Have you noticed that when you ask the AI artificial intelligence search engines a question, such as in copilot, Gemini, grok, open AI and others You frequently get a garbage answer back. Something that is not just wrong but is completely and utterly wrong . Apparently, the AI search engines are lazy and they do as little work as possible . You must force them to look for new current up-to-date information and to examine it critically.  Here's how you do it below. But keep in mind these AI search engines have incredible bias built into them. They're often programmed by extreme radicals who have a political agenda or are just idiots and are not as smart as they think they are. You must not trust these engines unless you can verify it yourself first period

The way you phrase things really does determine whether the AI search engione actually goes out and searches the web for authoritative sources versus relying on general knowledge in its LLM database. Here’s how you can “force” it to search MORE thoroughly and avoid assumptions:

How to Phrase Questions for Guaranteed Search

  • Include explicit search intent:
    Use phrases like “look up,” “search,” “check online,” “find current info,” or “verify from sources.”
    Example: “Search whether the CyberBrick kit pairs with iPhone 8 via Bluetooth.”

  • Ask about compatibility, specs, or availability:
    Anytime you ask “is X compatible with Y,” “what are the requirements,” “where can I buy,” I will trigger a search.
    Example: “Check the official specs for CyberBrick kit smartphone compatibility.”

  • Mention time sensitivity:
    If you say “latest,” “current,” “updated,” “2025,” or “recent,” I’ll know you want fresh info.
    Example: “Find the latest supported devices for CyberBrick kit.”

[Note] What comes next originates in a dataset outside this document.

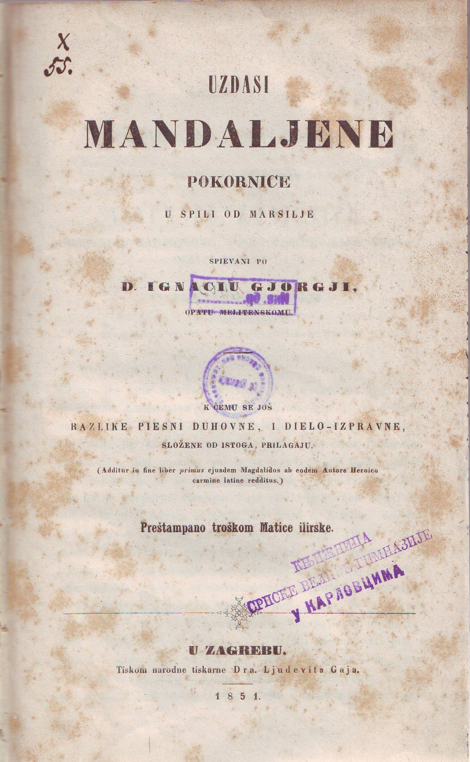 Cover of Uzdasi mandaljene pokornice (1851) by Ignjat Đurđević. Srpski (latinica): Naslovna strana knjige Uzdasi mandaljene pokornice (1851) Ignjata Đurđevića.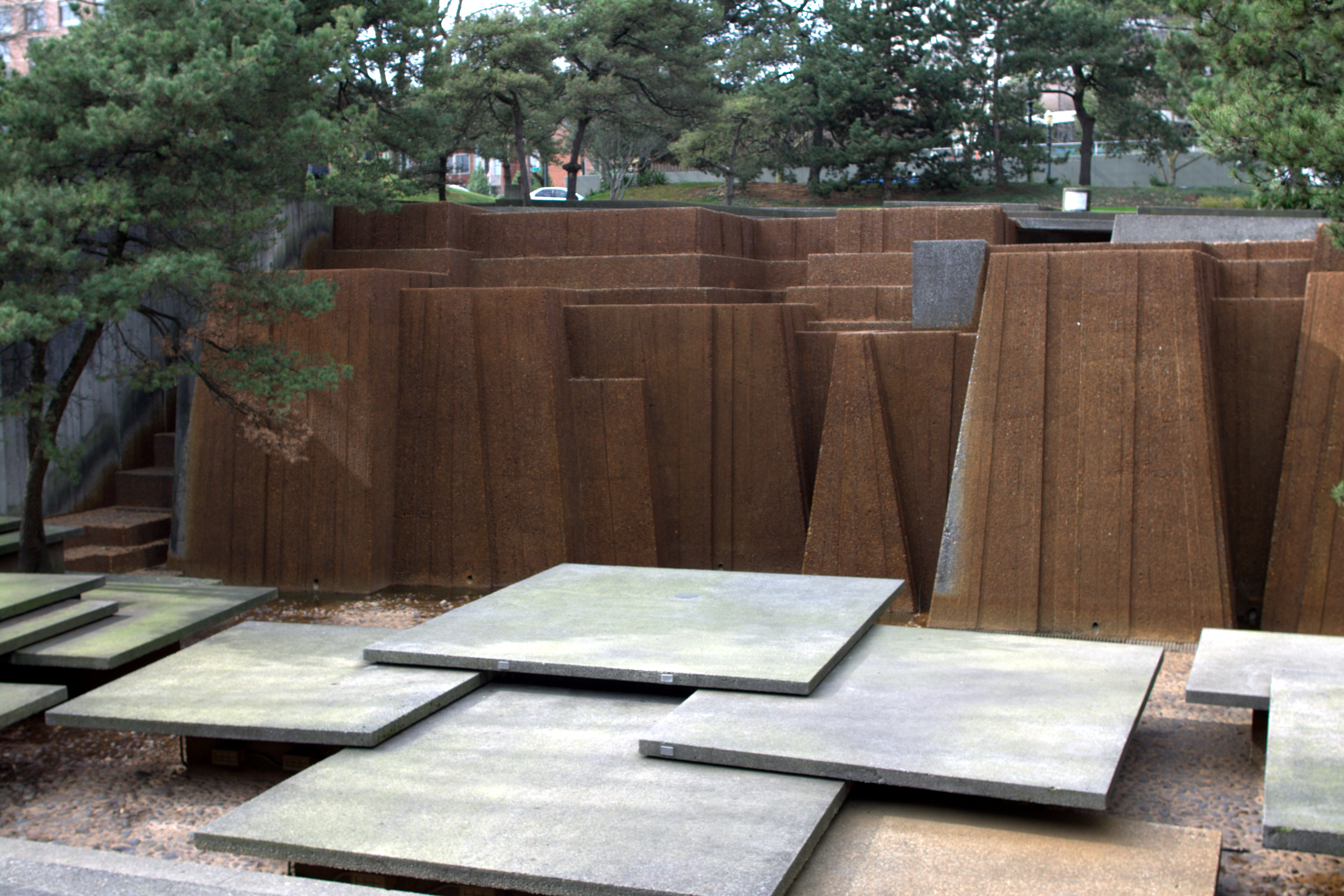 Keller Fountain Park, dry in winter, Portland, Oregon.

  • Request citations or sources:
    If you ask me to “show sources,” “cite official documentation,” or “link to manufacturer page,” I must search and provide them.
    Example: “Provide sources confirming CyberBrick kit Bluetooth support for iPhone.”


 Examples of Effective vs. Risky Phrasing

Example 1

You want to know if the Bambu Labs CyberBrick tool can be used with an iPhone 8

Risky phrasing (may cause assumptions)

Strong phrasing (forces search)

“Can it connect to iPhone 8?”

“Search official CyberBrick specs to see if it supports iPhone 8.”

“Is this compatible?”

“Check online sources for compatibility between CyberBrick kit and TP-Link cameras.”

“Tell me about CyberBrick”

“Look up CyberBrick kit product page and summarize its features with citations.”


 Specific words to use in your search:

Copy and paste the following into the AI search when you ask your question:

Search online and verify from official sources:
[Your specific question here]

Requirements:
- Use authoritative sources (manufacturer pages, official documentation, or trusted reviews).
- Provide citations for every factual claim.
- Summarize clearly and avoid assumptions.
- Include step‑by‑step setup or compatibility details if relevant.

Bottom line:

If you want the AI to always search, add words like “search,” “check online,” “verify,” “latest,” or “sources.” That guarantees it willl pull in fresh, authoritative info instead of leaning on assumptions.